#### [Exercise input]
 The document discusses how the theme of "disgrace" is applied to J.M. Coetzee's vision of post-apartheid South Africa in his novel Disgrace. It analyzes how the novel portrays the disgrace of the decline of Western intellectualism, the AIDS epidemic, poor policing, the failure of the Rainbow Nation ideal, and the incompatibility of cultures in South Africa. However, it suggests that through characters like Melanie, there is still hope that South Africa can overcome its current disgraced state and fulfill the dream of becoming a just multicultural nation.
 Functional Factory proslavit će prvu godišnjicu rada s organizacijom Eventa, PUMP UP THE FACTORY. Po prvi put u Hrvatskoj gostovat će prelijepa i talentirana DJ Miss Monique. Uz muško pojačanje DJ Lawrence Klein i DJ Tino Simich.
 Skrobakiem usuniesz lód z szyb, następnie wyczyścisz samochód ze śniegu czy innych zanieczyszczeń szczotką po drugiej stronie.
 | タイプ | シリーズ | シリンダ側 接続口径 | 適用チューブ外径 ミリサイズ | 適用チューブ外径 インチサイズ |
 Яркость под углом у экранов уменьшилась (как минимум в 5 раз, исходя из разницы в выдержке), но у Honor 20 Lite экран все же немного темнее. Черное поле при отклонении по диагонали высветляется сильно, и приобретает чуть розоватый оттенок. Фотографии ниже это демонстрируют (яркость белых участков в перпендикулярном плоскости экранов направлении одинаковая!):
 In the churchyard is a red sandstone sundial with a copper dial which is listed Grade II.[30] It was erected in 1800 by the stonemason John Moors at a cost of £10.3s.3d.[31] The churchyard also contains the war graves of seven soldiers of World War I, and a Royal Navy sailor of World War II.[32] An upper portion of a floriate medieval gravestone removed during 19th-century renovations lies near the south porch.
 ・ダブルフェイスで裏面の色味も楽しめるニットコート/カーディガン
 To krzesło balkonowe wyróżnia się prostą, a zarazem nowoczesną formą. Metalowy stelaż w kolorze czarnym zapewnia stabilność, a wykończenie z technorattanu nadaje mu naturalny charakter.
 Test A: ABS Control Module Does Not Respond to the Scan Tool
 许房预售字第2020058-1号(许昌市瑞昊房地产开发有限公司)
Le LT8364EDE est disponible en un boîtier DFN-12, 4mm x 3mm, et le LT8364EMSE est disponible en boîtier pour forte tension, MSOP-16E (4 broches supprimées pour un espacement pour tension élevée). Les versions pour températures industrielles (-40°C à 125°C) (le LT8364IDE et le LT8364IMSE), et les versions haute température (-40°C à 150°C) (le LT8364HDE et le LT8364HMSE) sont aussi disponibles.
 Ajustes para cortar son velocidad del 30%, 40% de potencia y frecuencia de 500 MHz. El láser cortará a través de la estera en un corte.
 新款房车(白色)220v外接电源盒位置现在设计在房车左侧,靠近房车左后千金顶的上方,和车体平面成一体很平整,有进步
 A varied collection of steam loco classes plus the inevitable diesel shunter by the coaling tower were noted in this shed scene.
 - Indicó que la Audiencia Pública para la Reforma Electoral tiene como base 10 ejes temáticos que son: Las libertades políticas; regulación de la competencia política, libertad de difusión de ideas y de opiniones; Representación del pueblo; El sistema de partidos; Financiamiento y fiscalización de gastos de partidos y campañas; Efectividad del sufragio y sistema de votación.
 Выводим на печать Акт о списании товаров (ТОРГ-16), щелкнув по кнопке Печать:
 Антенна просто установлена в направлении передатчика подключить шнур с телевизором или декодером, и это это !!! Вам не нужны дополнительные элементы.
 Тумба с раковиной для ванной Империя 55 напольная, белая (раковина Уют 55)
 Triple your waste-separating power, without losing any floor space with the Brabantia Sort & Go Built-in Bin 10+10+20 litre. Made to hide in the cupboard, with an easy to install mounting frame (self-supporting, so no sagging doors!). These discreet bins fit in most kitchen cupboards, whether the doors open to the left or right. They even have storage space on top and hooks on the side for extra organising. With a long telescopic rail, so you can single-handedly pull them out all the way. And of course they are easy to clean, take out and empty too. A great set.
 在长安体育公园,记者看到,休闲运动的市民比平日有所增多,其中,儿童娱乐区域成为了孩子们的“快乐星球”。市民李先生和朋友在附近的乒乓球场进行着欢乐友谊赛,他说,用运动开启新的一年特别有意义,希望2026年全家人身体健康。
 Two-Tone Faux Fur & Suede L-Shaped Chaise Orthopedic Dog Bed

#### [Problem statement]
Retype the listing above in full, with no alterations.

#### [Output of the task]
 The document discusses how the theme of "disgrace" is applied to J.M. Coetzee's vision of post-apartheid South Africa in his novel Disgrace. It analyzes how the novel portrays the disgrace of the decline of Western intellectualism, the AIDS epidemic, poor policing, the failure of the Rainbow Nation ideal, and the incompatibility of cultures in South Africa. However, it suggests that through characters like Melanie, there is still hope that South Africa can overcome its current disgraced state and fulfill the dream of becoming a just multicultural nation.
 Functional Factory proslavit će prvu godišnjicu rada s organizacijom Eventa, PUMP UP THE FACTORY. Po prvi put u Hrvatskoj gostovat će prelijepa i talentirana DJ Miss Monique. Uz muško pojačanje DJ Lawrence Klein i DJ Tino Simich.
 Skrobakiem usuniesz lód z szyb, następnie wyczyścisz samochód ze śniegu czy innych zanieczyszczeń szczotką po drugiej stronie.
 | タイプ | シリーズ | シリンダ側 接続口径 | 適用チューブ外径 ミリサイズ | 適用チューブ外径 インチサイズ |
 Яркость под углом у экранов уменьшилась (как минимум в 5 раз, исходя из разницы в выдержке), но у Honor 20 Lite экран все же немного темнее. Черное поле при отклонении по диагонали высветляется сильно, и приобретает чуть розоватый оттенок. Фотографии ниже это демонстрируют (яркость белых участков в перпендикулярном плоскости экранов направлении одинаковая!):
 In the churchyard is a red sandstone sundial with a copper dial which is listed Grade II.[30] It was erected in 1800 by the stonemason John Moors at a cost of £10.3s.3d.[31] The churchyard also contains the war graves of seven soldiers of World War I, and a Royal Navy sailor of World War II.[32] An upper portion of a floriate medieval gravestone removed during 19th-century renovations lies near the south porch.
 ・ダブルフェイスで裏面の色味も楽しめるニットコート/カーディガン
 To krzesło balkonowe wyróżnia się prostą, a zarazem nowoczesną formą. Metalowy stelaż w kolorze czarnym zapewnia stabilność, a wykończenie z technorattanu nadaje mu naturalny charakter.
 Test A: ABS Control Module Does Not Respond to the Scan Tool
 许房预售字第2020058-1号(许昌市瑞昊房地产开发有限公司)
Le LT8364EDE est disponible en un boîtier DFN-12, 4mm x 3mm, et le LT8364EMSE est disponible en boîtier pour forte tension, MSOP-16E (4 broches supprimées pour un espacement pour tension élevée). Les versions pour températures industrielles (-40°C à 125°C) (le LT8364IDE et le LT8364IMSE), et les versions haute température (-40°C à 150°C) (le LT8364HDE et le LT8364HMSE) sont aussi disponibles.
 Ajustes para cortar son velocidad del 30%, 40% de potencia y frecuencia de 500 MHz. El láser cortará a través de la estera en un corte.
 新款房车(白色)220v外接电源盒位置现在设计在房车左侧,靠近房车左后千金顶的上方,和车体平面成一体很平整,有进步
 A varied collection of steam loco classes plus the inevitable diesel shunter by the coaling tower were noted in this shed scene.
 - Indicó que la Audiencia Pública para la Reforma Electoral tiene como base 10 ejes temáticos que son: Las libertades políticas; regulación de la competencia política, libertad de difusión de ideas y de opiniones; Representación del pueblo; El sistema de partidos; Financiamiento y fiscalización de gastos de partidos y campañas; Efectividad del sufragio y sistema de votación.
 Выводим на печать Акт о списании товаров (ТОРГ-16), щелкнув по кнопке Печать:
 Антенна просто установлена в направлении передатчика подключить шнур с телевизором или декодером, и это это !!! Вам не нужны дополнительные элементы.
 Тумба с раковиной для ванной Империя 55 напольная, белая (раковина Уют 55)
 Triple your waste-separating power, without losing any floor space with the Brabantia Sort & Go Built-in Bin 10+10+20 litre. Made to hide in the cupboard, with an easy to install mounting frame (self-supporting, so no sagging doors!). These discreet bins fit in most kitchen cupboards, whether the doors open to the left or right. They even have storage space on top and hooks on the side for extra organising. With a long telescopic rail, so you can single-handedly pull them out all the way. And of course they are easy to clean, take out and empty too. A great set.
 在长安体育公园,记者看到,休闲运动的市民比平日有所增多,其中,儿童娱乐区域成为了孩子们的“快乐星球”。市民李先生和朋友在附近的乒乓球场进行着欢乐友谊赛,他说,用运动开启新的一年特别有意义,希望2026年全家人身体健康。
 Two-Tone Faux Fur & Suede L-Shaped Chaise Orthopedic Dog Bed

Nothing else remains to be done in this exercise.